# The Evolution of Polynomials

It’s always fascinating to see what’s going on in textbooks of the olden days, and National Treasure @mathsjem recently found a beauty of its type. Look at those whences! Check out the subjunctives! It thrills the heart, doesn’t it? ((If one were so inclined, one might even shiver in ecstasy.))

What caught my attention, though, was *evolution* - in this context, taking square or cube (or, presumably, higher) roots of an expression.

I know! There's a whole chapter on each of them. Looks complicated... pic.twitter.com/DWPH4e96Ip

— Jo Morgan (@mathsjem) January 3, 2018

I haven’t studied this method in detail - it looks similar in flavour to finding square roots by long division, which International Legend @colinthemathmo has discussed, at least for numbers .

However, it got me thinking: how would I find the cube root of $c(x) = 27 + 108x + 90x^2 + 80x^3 - 60x^4 + 48x^5 - 8x^6$?

### Quick and dirty

If we’re allowed to assume that $c(x)$ is a perfect cube, then it’s not tricky at all: it’s a degree-6 polynomial, so its cube root must be quadratic; the constant term is clearly 3 and the $x^2$ coefficient is just as clearly -2.

That means $c(x) = \br{ 3 + bx - 2x^2}^3$, for some value of $b$.
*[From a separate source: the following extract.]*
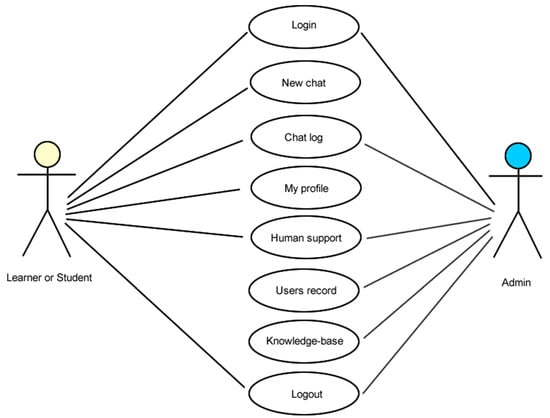 There are two categories of users that could login to the system: the student or prospective learner and the admin. Figure 6 shows the Use Case diagram that depicts the possible interaction of this user with the chatbot system.
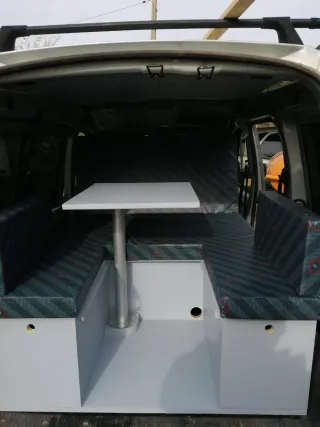 Mueble camper, artículo nuevo para todo tipo de furgoneta pequeña, cama y mesa sin perder las 5 plazas, fácil de poner y quitar, y pasa itv, los hacemos a medida para todo tipo de furgonetas , kangoo, berlingo, partner, dokker, rifter, jumpy, escudo,caddy etc. Precio del mueble, cama con mesa y mesa exterior desde 250,colchón con funda a medida, desenfundables y el color que más le guste 140,hacemos envíos a toda españa por 30 euros aproximadamente, preguntar sin compromiso

Assuming $x$ is small enough that we can ignore $x^2$ terms and higher, expanding the bracket with the binomial expansion gives $c(x) \approx 27 + 27bx$, and $b=4$.

Expanding the whole thing properly gives the same answer - which I leave as an exercise.

### Binomial expansion

As an alternative to assuming the form of the solution, it’s also possible to use the general binomial expansion (at least for small $x$) to figure out the cube root of $c(x)$.

Suppose we write $c(x) = 27 + x\br{108 + 90x + 80x^2 + …}$ and work out $\br{c(x)}^{\frac{1}{3}}$?

The general form for $\br{a+bx}^{\frac{1}{3}}$ is $a^{\frac{1}{3}} + \frac{1}{3}a^{-\frac{2}{3}}bx - \frac{1}{9}a^{-\frac{5}{3}}b^2x^2 + …$

That looks a mess; however, $a$ behaves quite nicely here and simplifies the whole thing down to $3 + \frac{1}{27} bx - \frac{1}{3^{7}}b^2 x^2 + …$

There’s a bit of book-keeping to do here, because $b$ is a bit of a monster, but stick with it: $\frac{1}{27} bx = 4x + \frac{10}{3}x^2 + …$, while $\frac{1}{3^7} b^2x^2 = \frac{108^2}{3^7} x^2 + …$.

What’s $\frac{108^2}{3^7}$? I don’t know off the top of my head. I do know that $108 = 2^2 \times 3^3$, so $108^2 = 2^4 \times 3^6$ …

#### A ninja!

*Whoosh*

“It’s 11,664, because $(100+k)^2 = 10,000 + 200k + k^2$.”

*Whoosh*

#### As I was saying

… which leaves us with $\frac{16}{3}$.

So, we have an answer – assuming we only need to go up to the $x^2$ term – of $3 + 4x + \br{\frac{10}{3}- \frac{16}{3}}x^2$, which works out to $3 + 4x - 2x^2$ again.

### Checking

The only problem left is checking whether we really *have* gone far enough. One option is to cube the answer, but you don’t really want to be doing that every time you extract a term.

Presumably, something in the original method given in Jo’s Victorian textbook checks for a remainder, but I don’t really feel like wading through it to figure it out. Perhaps you, dear reader, can enlighten us all?